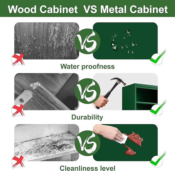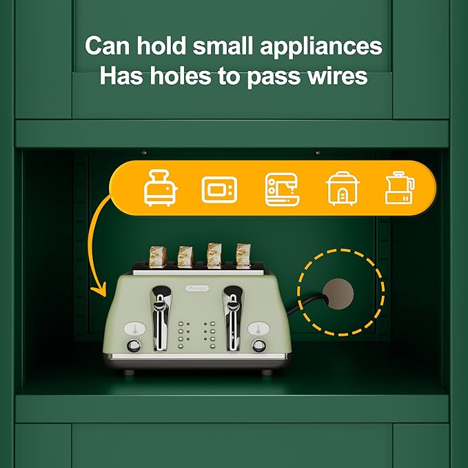 - ๐ใSafe and Sturdyใ: The storage cabinet is made of high-quality cold-rolled steel. Pantry cabinet adopts a high-quality electrostatic powder layer, which is easy to clean, scratch resistant and sturdy and durable.The back panel has screws that can be fixed to the wall to prevent the cabinet from tipping over.
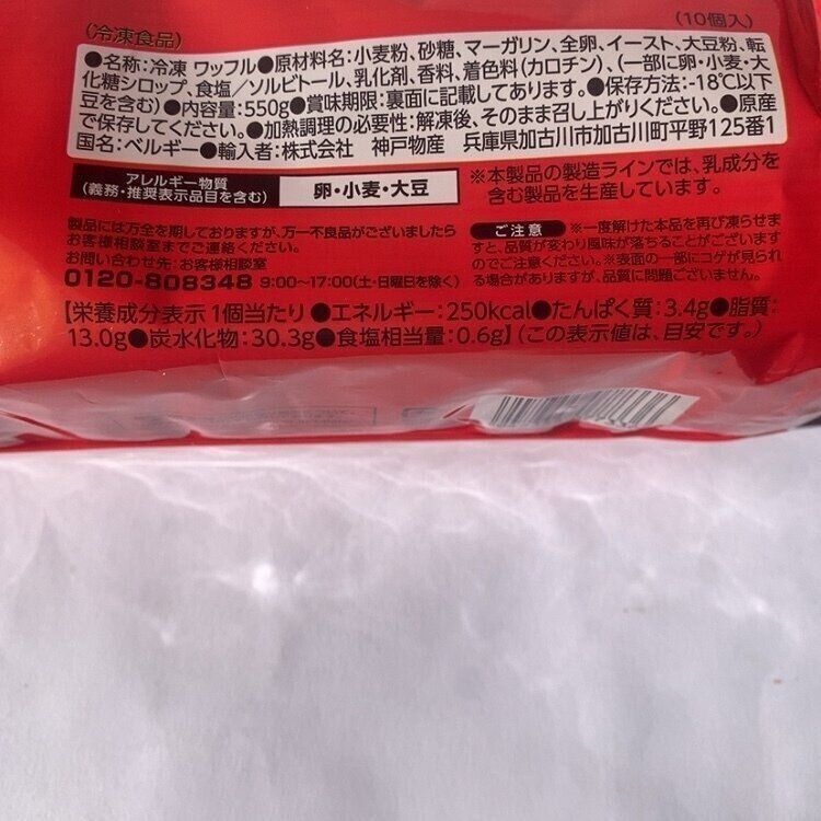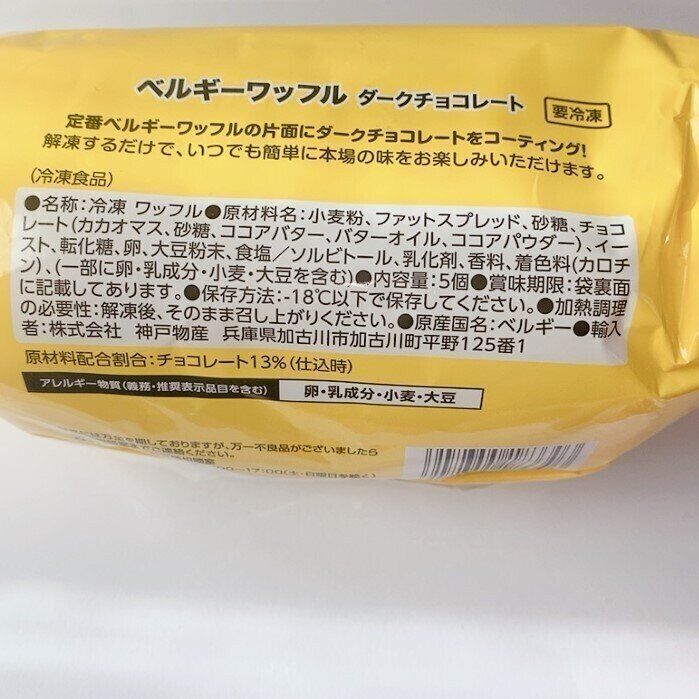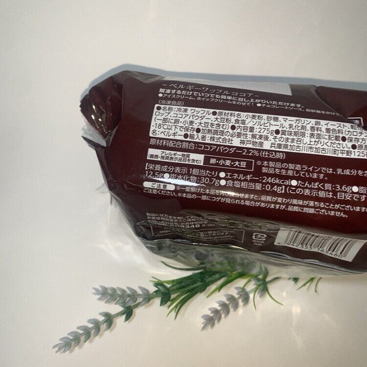 ベルギーワッフルの半面にチョコレートが付いているため、今回は自然解凍でいただきます。
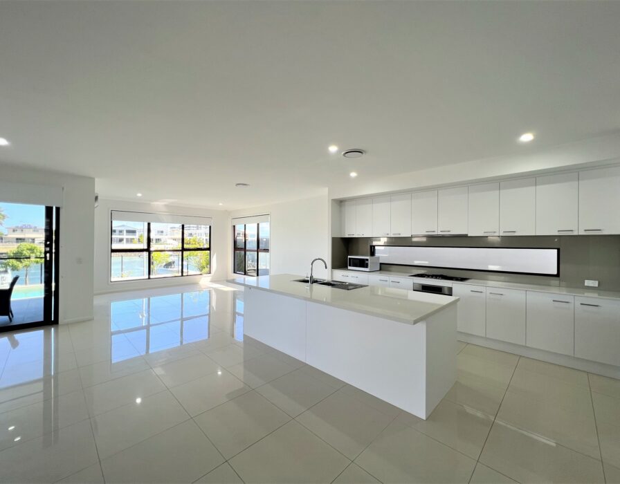 Beautiful spacious fully waterfront family home in the Park Cove Estate, this thoughtfully designed 5 bedroom + study/multi-purpose room home offers a comfortable layout with high ceilings and open plan living and dining areas throughout. multiple living areas and a beautiful outlook with stunning water views. This property is centrally located near Hope Island Marketplace, your choice of restaurants and cafes, medical facilities and specialty shops and within is easy access to schools, public transport and the M1.
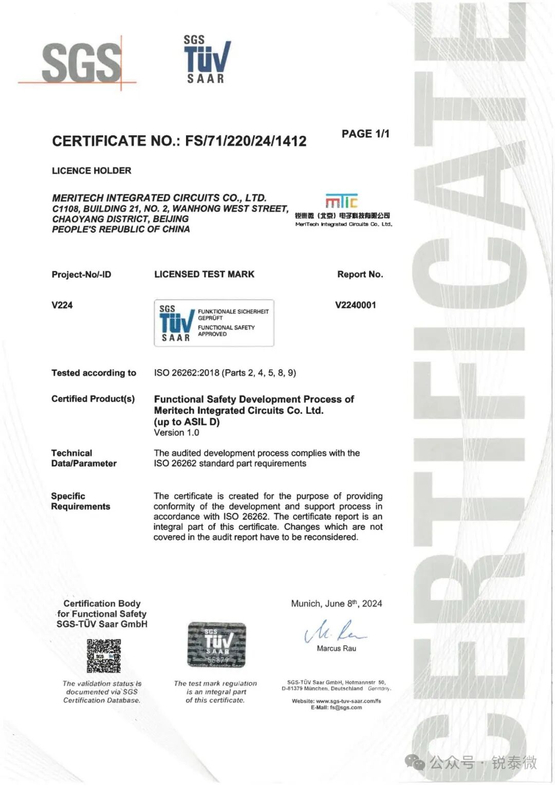 经过SGS的独立审核,锐泰微构建的功能安全标准开发流程符合ISO 26262:2018 标准要求,获颁功能安全ASIL D流程认证证书,此举将为锐泰微未来的功能安全产品开发和认证奠定坚实基础。

---+---

| Task to complete |
In the material above, the stretch from the line with "ベルギーワッフルの半面にチョ" through the line with "Beautiful spacious fully" is to be given again exactly, minus the pictures.

| Result of the task |
 ベルギーワッフルの半面にチョコレートが付いているため、今回は自然解凍でいただきます。
 Beautiful spacious fully waterfront family home in the Park Cove Estate, this thoughtfully designed 5 bedroom + study/multi-purpose room home offers a comfortable layout with high ceilings and open plan living and dining areas throughout. multiple living areas and a beautiful outlook with stunning water views. This property is centrally located near Hope Island Marketplace, your choice of restaurants and cafes, medical facilities and specialty shops and within is easy access to schools, public transport and the M1.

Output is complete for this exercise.